Pero pasemos de la danza de cifras y veamos qué se adquirió con ellas. Esta última semana sirvió para eso también: el informe de relatores independientes de Naciones Unidas sobre la prisión de Guantánamo denunciando torturas físicas y psicológicas que se practican "en defensa de la libertad".

Hagamos un balance, según las cifras oficiales. De los 80.000 árabes obligados a registrarse después del 11 de setiembre, en los 8.000 interrogados por el FBI y más de 5.000 encerrados, no hay uno que, a la fecha, haya sido condenado de un crimen terrorista. La marca del gobierno es cero en unos 93.000 casos.

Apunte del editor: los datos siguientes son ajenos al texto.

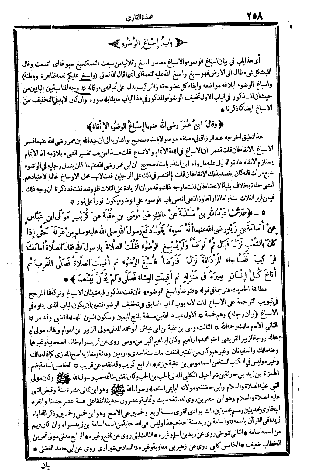 5 - (حَدثنَا عبد الله بن مسلمة عَن مَالك عَن مُوسَى بن عقبَة عَن كريب مولى ابْن عَبَّاس عَن أُسَامَة بن زيد رَضِي الله عَنْهُمَا أَنه سَمعه يَقُول دفع رَسُول الله صلى الله عَلَيْهِ وَسلم من عَرَفَة حَتَّى إِذا كَانَ بِالشعبِ نزل فَبَال ثمَّ تَوَضَّأ وَلم يسبغ الْوضُوء فَقلت الصَّلَاة يَا رَسُول الله فَقَالَ الصَّلَاة أمامك فَركب فَلَمَّا جَاءَ الْمزْدَلِفَة نزل فَتَوَضَّأ فأسبغ الْوضُوء ثمَّ أُقِيمَت الصَّلَاة فصلى الْمغرب ثمَّ أَنَاخَ كل إِنْسَان بعيره فِي منزله ثمَّ أُقِيمَت الْعشَاء فصلى وَلم يصل بَينهمَا) مُطَابقَة الحَدِيث للتَّرْجَمَة فِي قَوْله فَتَوَضَّأ وأسبغ الْوضُوء فَإِن قلت الْمَذْكُور فِيهِ شَيْئَانِ الإسباغ وَتَركه فَمَا الْمُرَجح فِي تبويب التَّرْجَمَة على الإسباغ قلت لِأَنَّهُ بوب الْبَاب السَّابِق فِي تَخْفيف الْوضُوء فَتعين أَن يكون الْبَاب الَّذِي يتلوه فِي الإسباغ. (بَيَان رِجَاله) وهم خَمْسَة الأول عبد الله بن مسلمة بِفَتْح الميمين وَسُكُون السِّين الْمُهْملَة القعْنبِي وَقد مر الثَّانِي الإِمَام مَالك رَحمَه الله الثَّالِث مُوسَى بن عقبَة بن أبي عَيَّاش أَبُو مُحَمَّد الْمدنِي مولى الزبير بن الْعَوام وَيُقَال مولى أم خَالِد زَوْجَة الزبير القريشي أَخُو مُحَمَّد وَإِبْرَاهِيم وَكَانَ إِبْرَاهِيم أكبر من مُوسَى روى عَن كريب وَأم خَالِد الصحابية وَغَيرهمَا وَعنهُ مَالك والسفيانان وَغَيرهم وَكَانَ من الْمُفْتِينَ الثِّقَات مَاتَ سنة إِحْدَى وَأَرْبَعين وَمِائَة ومغازيه أصح الْمَغَازِي كَمَا قَالَه مَالك وَغَيره وَلَيْسَ فِي الْكتب السِّتَّة من اسْمه مُوسَى بن عقبَة غَيره الرَّابِع كريب وَقد تقدم عَن قريب الْخَامِس أُسَامَة بِضَم الْهمزَة بن زيد بن حَارِثَة بن شرَاحِيل الْكَلْبِيّ الْمدنِي الْحبّ ابْن الْحبّ وَكَانَ نقش خَاتمه حب رَسُول الله صلى الله عَلَيْهِ وَسلم وَكَانَ مولى النَّبِي عَلَيْهِ الصَّلَاة وَالسَّلَام وَابْن حاضنته ومولاته أم أَيمن اسْتَعْملهُ رَسُول الله صلى الله عَلَيْهِ وَسلم وَهُوَ ابْن ثَمَانِي عشرَة سنة وَقبض النَّبِي عَلَيْهِ الصَّلَاة وَالسَّلَام وَهُوَ ابْن عشْرين روى لَهُ مائَة حَدِيث وَثَمَانِية وَعِشْرُونَ حَدِيثا اتفقَا على خَمْسَة عشر حَدِيثا وَانْفَرَدَ البُخَارِيّ بحديثين وَمُسلم بحديثين مَاتَ بوادي الْقرى سنة أَربع وَخمسين على الْأَصَح وَهُوَ ابْن خمس وَخمسين وَذكر الله أَبَاهُ زيدا فِي الْقُرْآن باسمه وَأُسَامَة بن زيد سِتَّة أحدهم هَذَا وَلَيْسَ فِي الصَّحَابَة من اسْمه أُسَامَة بن زيد سواهُ وَإِن كَانَ فيهم من اسْمه أُسَامَة الثَّانِي تنوخي روى عَن زيد بن أسلم وَغَيره الثَّالِث ليثي روى عَن نَافِع وَغَيره الرَّابِع مدنِي مولى عمر بن الْخطاب ضَعِيف الْخَامِس كَلْبِي روى عَن زُهَيْر بن مُعَاوِيَة وَغَيره السَّادِس شيرازي روى عَن أبي حَامِد الفضلي

Esta semana se conocieron más fotos de las prácticas aberrantes de la ocupación estadounidense en la antigua prisión de Abu Ghraib que salieron a la luz en Australia, mientras el gobierno de Bush seguía intentando que los medios estadounidenses no pudiesen publicarlas. Las imágenes traducen tal nivel de crueldad que uno se pregunta qué sucede con los valores -la integridad física, la dignidad de los hombres y la libertad- que están en el corazón mismo de Occidente.

¿Hay razón para asombrarse, en este marco, por la reacción islámica a las caricaturas del profeta?

Cierto pensamiento -que aquí se llamó "realismo periférico" en la década pasada- sostiene que, pese a todo, el mundo debe respaldar a Washington en esta acción deletérea, sino porque es meritoria porque encarna un poder irresistible. Surgido del más cínico Martín Fierro -el "hacerse amigo del juez" que proponía el Viejo Vizcacha-, el consejo parece autoderrotista: para el resto del mundo intentar limitar el presente uso del poder estadounidense puede parecer una quimera, pero esto no lo hace menos imprescindible.